Exercise
Copy exactly the lines of the material below that fall between the line with "MÉXICO, D.F., 20MAYO2011.- Un" and the line with "Плоскогубцы комбинированные, 180", both of those lines included; pictures stay out.

Records shown
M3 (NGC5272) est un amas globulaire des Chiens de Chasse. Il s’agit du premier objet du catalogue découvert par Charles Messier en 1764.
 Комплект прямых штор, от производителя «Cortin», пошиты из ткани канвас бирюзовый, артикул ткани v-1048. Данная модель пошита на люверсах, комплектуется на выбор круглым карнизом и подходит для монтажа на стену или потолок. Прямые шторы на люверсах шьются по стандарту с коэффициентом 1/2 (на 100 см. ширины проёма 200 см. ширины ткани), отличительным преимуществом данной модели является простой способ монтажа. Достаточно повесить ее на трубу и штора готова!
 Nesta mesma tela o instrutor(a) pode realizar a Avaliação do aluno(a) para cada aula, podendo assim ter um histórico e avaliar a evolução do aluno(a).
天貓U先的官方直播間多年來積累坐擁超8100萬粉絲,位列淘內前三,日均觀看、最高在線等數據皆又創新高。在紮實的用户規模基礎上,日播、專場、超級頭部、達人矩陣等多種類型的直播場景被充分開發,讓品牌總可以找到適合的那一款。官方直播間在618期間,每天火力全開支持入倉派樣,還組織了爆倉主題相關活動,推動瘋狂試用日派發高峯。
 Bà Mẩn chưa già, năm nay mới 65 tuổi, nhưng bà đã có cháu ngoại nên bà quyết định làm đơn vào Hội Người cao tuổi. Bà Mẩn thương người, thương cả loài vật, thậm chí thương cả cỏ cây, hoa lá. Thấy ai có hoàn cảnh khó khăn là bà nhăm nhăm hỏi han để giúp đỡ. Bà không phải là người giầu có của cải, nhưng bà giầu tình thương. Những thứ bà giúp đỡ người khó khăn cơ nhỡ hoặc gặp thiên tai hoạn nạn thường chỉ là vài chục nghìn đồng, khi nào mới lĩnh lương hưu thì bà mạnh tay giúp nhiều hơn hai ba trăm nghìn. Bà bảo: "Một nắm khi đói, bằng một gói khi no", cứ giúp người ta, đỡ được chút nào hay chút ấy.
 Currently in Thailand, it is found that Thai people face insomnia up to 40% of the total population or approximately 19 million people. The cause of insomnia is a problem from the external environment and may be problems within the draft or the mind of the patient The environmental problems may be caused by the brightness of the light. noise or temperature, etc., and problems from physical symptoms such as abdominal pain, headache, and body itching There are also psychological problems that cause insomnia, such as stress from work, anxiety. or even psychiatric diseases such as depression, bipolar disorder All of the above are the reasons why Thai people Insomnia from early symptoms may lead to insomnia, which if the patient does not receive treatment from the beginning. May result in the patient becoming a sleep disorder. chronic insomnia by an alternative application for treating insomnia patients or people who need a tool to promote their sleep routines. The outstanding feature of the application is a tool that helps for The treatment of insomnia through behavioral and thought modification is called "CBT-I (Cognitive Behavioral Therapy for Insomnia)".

==

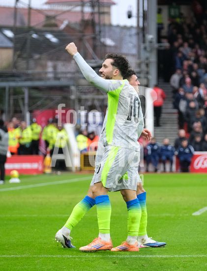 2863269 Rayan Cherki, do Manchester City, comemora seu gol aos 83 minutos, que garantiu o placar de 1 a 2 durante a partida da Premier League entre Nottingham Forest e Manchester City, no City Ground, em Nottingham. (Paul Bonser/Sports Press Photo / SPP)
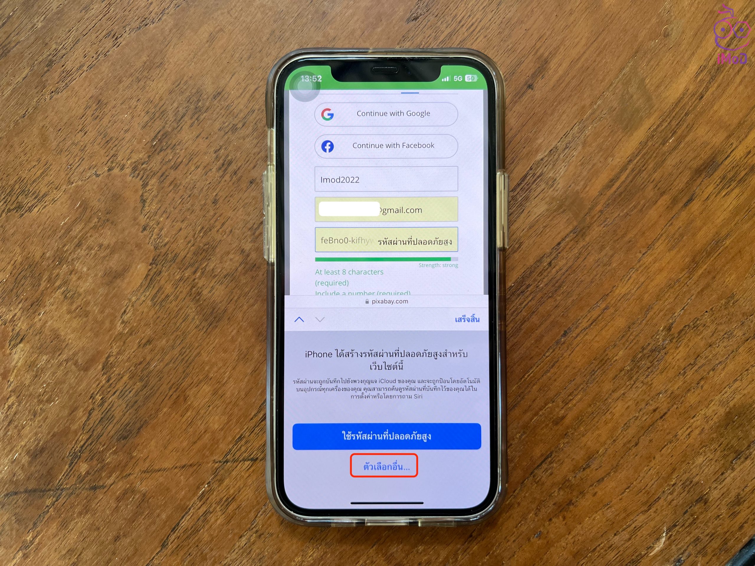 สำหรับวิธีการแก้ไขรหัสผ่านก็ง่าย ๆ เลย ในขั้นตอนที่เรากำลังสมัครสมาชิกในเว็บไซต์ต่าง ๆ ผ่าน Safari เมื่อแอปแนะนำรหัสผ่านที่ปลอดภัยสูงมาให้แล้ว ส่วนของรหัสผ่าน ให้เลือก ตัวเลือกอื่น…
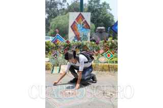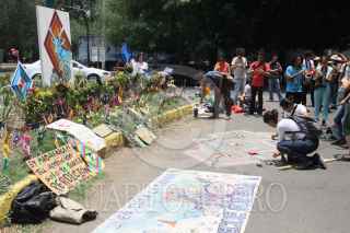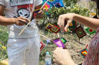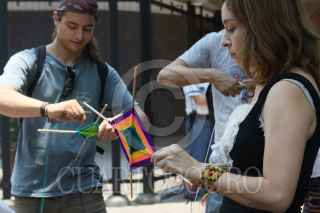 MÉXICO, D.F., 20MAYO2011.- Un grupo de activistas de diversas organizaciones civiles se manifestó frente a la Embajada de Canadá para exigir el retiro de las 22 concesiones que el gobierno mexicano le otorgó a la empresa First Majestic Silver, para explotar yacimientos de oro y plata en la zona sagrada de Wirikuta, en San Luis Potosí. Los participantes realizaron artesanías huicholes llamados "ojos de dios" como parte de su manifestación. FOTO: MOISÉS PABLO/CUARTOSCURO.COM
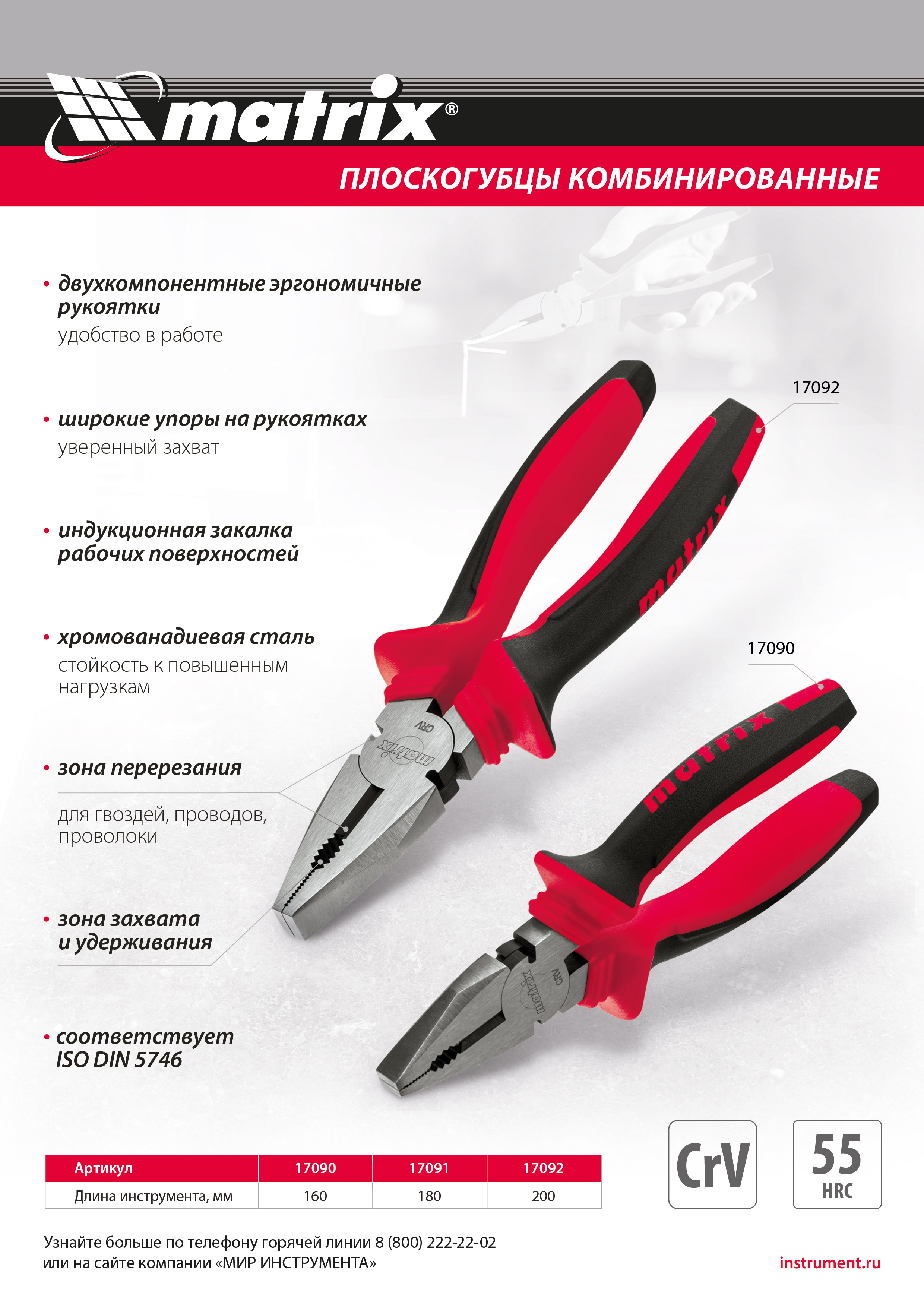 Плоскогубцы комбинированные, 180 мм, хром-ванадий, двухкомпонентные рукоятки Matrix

* * *

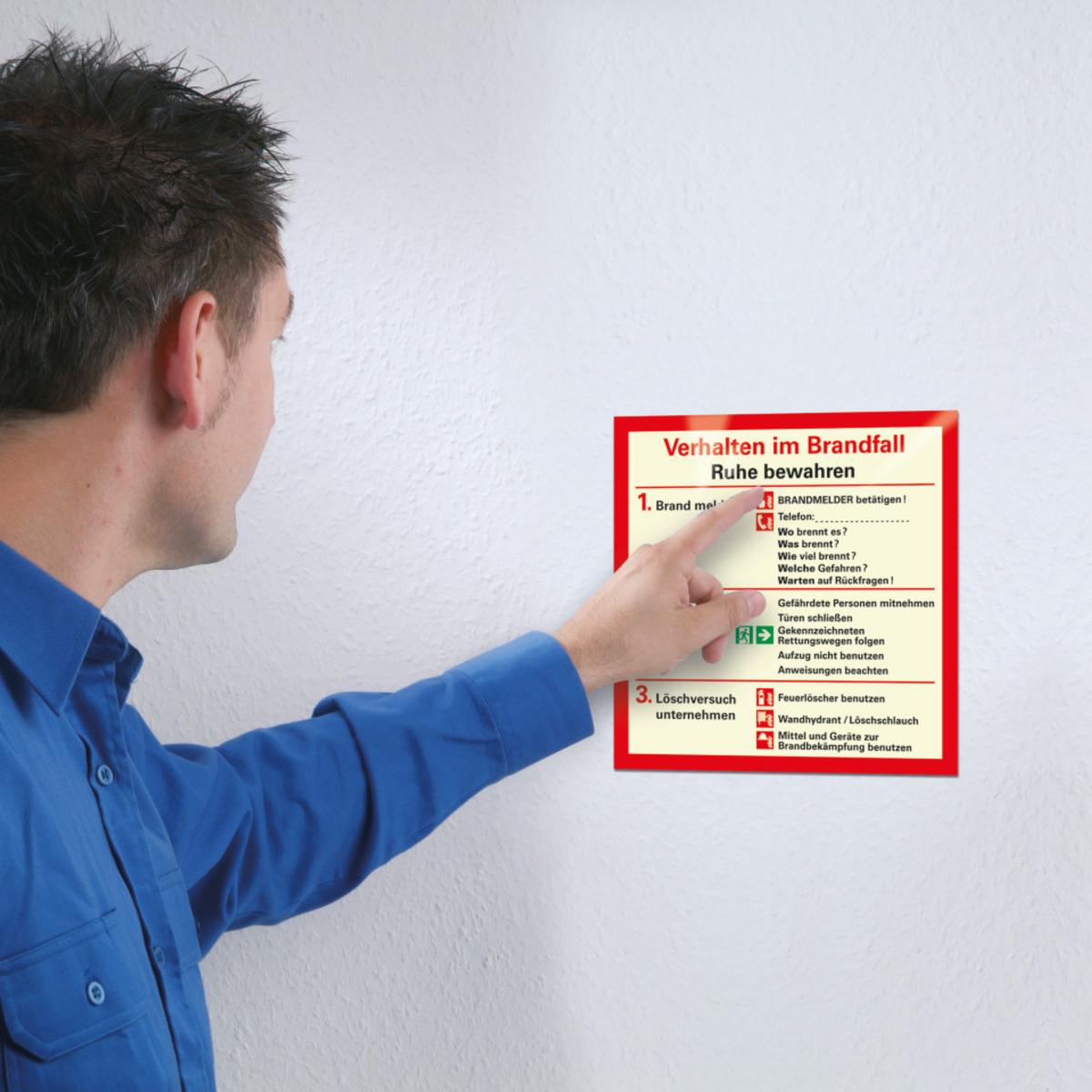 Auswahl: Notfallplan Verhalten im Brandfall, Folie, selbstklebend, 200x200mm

Written answer
 MÉXICO, D.F., 20MAYO2011.- Un grupo de activistas de diversas organizaciones civiles se manifestó frente a la Embajada de Canadá para exigir el retiro de las 22 concesiones que el gobierno mexicano le otorgó a la empresa First Majestic Silver, para explotar yacimientos de oro y plata en la zona sagrada de Wirikuta, en San Luis Potosí. Los participantes realizaron artesanías huicholes llamados "ojos de dios" como parte de su manifestación. FOTO: MOISÉS PABLO/CUARTOSCURO.COM
 Плоскогубцы комбинированные, 180 мм, хром-ванадий, двухкомпонентные рукоятки Matrix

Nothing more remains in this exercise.